All the songs are original.

*NOW the Gear!! (only if I knew then what I know now!)
*
*Guitars*

prs custom 24
Gibson LS special green with p90
USA tele with bucker in the bridge
El Degas set neck explorer (this is where my affair with the El Degas brand began. Too bad I never changed the dimarizios in there or I´d still own that one today!)


played with an engl 50 watt combo (man I never used that thing to its potential!!)

had a Rat pedal, whammy and a korg (something) 1000 multi effects.

Anyway, I thought I´d share it. the timing seems good as Davetcan is selling that georgeous PRS and it made me nostalgic about my old one (which was purple flame). I know that Alien Nation, Stand Away and Speed with Her are surely that PRS of mine.

I hope you all enjoy. it´s been 15 years now!!

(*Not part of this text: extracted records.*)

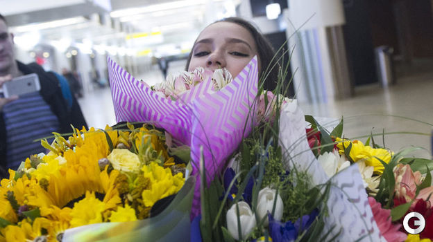 Чемпионка мира фигуристка Алина Загитова вернулась в Россию из Японии. В аэропорту, несмотря на ночь и трехчасовую задержку, ее встречали самые преданные поклонницы. Они подарили Алине множество цветов и короновали замечательным венком.
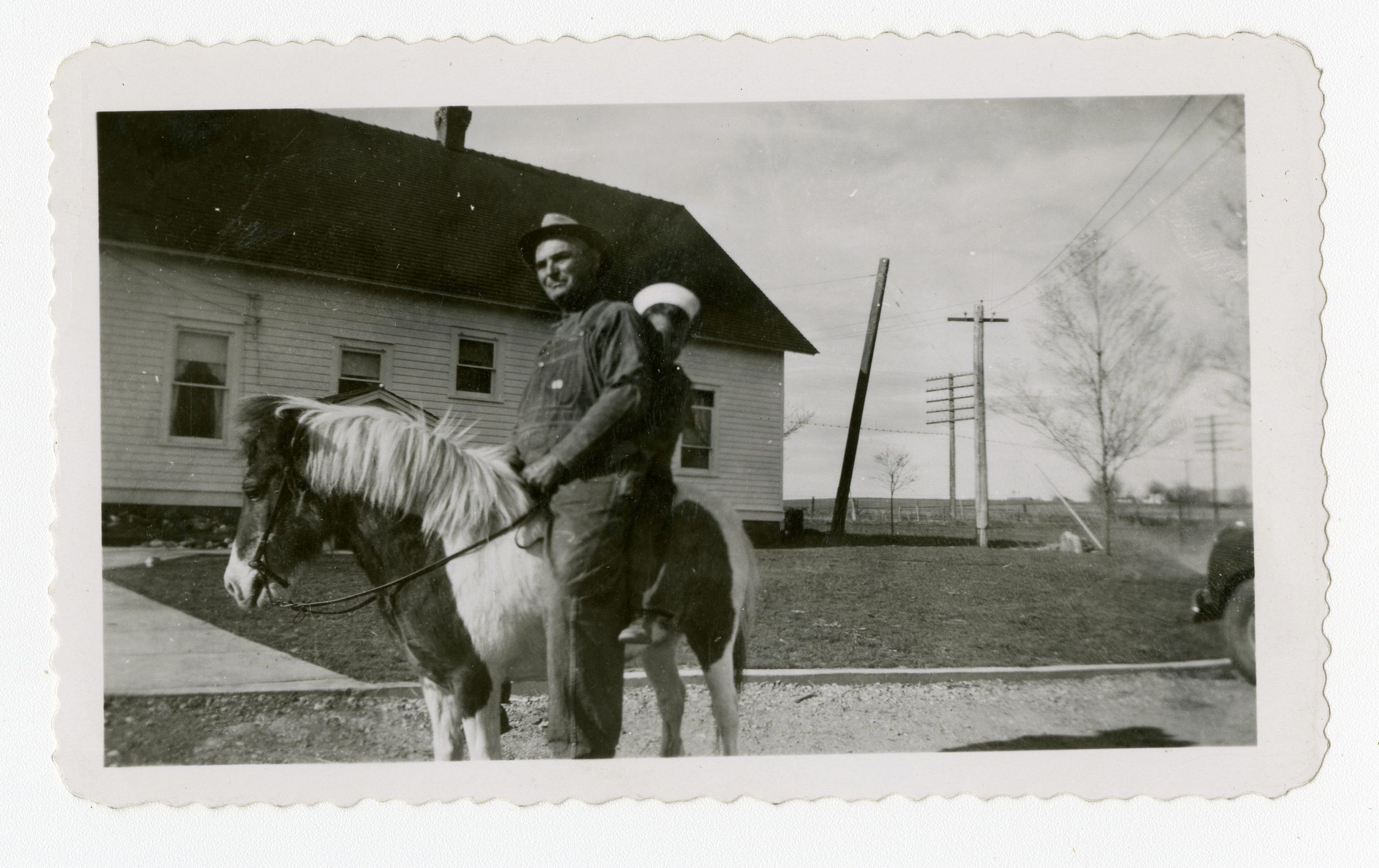 Black and white photograph of a man and a boy on a pony. The photograph was taken outside. There are power lines in the background. The man is wearing overalls and a hat. He is identified as Albert Brunner. The boy is identified as Lester K Brunner. The pony is named Sweetie.
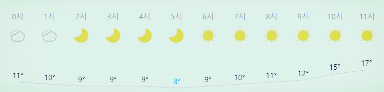 * 비 올 확률은 위 이미지에서 시간별 기상 상태 참조
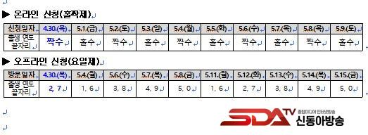 Ãʱâ È¥Àâ°ú ½Ã½ºÅÛ °úºÎÇÏ ¹æÁö¸¦ À§ÇØ ½ÃÇà ù 2ÁÖ°£ ¿Â¶óÀÎÀº ¡®Ãâ»ý¿¬µµ ³¡ÀÚ¸® ±âÁØ È¦Â¦Á¦¡¯, ¹æ¹® ½ÅûÀº ¡®¿äÀÏÁ¦¡¯¸¦ ¿î¿ëÇÑ´Ù. ÀÌ¿¡ µû¶ó 4¿ù 30ÀÏÀº ¹æ¹® ½ÅûÀÇ °æ¿ì Ãâ»ý¿¬µµ ³¡ÀÚ¸® 2¡¤7¹øÀÌ 5¿ù 4ÀÏ(¿ù)Àº 1¡¤6¹øÀÌ ½ÅûÇÒ ¼ö ÀÖ´Ù. ´Ü, ¿äÀÏÁ¦´Â ½Ã±º ¿©°Ç¿¡ µû¶ó ´ÜÃà ¶Ç´Â ¿¬ÀåµÉ ¼ö ÀÖ´Ù.
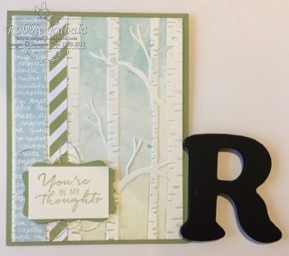 I took the embossing folder and on the back side, I used my ink pad and added Soft Sky and Pear Pizzazz ink. Paper was added to the opposite side and the folder was closed and then it was embossed. When I took it out I had the trees embossed with the sky and ground lightly colored. I pulled out my Subtles paper stack and chose a patterned paper in each color. Strips were cut and then added to the left hand side. This panel was added to my Pear Pizzazz card base. I needed a sentiment so I looked at my Watercolor Wishes card kit stamp set and found one that was perfect. It was stamped onto Very Vanilla and then mounted onto a decorative label punch. The sentiment was added to the card using dimensionals. Here is my completed creation.
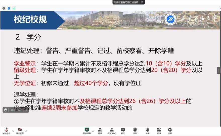 人文学院2022级辅导员范嘉欣老师召开了线上年级大会,会上叮嘱新生注意安全问题,包括宿舍安全隐患、提防网络电信诈骗、交通消费安全、防盗防传销等内容,强调了学校的各项校纪校规,希望大家重视学生手册的学习,要求每一位学生学规矩、守规矩、懂规矩,并对新生提出注意时间节点、重视人际关系、提升自主性等自身发展要求。

https://soundcloud.com/the-hurley-jam/sets/sam-bonee-live-at-the-honky-tonk-madrid-spain-nov-2000


----------



## Guest (May 8, 2015)

I still think you sound like Bill Murray.
Only listened to the first two so far.


----------



## sambonee (Dec 20, 2007)

Thanks for listening. Do you mean the actor??


----------



## Guest (May 8, 2015)

yeah.

[video=youtube;ZIRyWlPi7Fc]https://www.youtube.com/watch?v=ZIRyWlPi7Fc[/video]


----------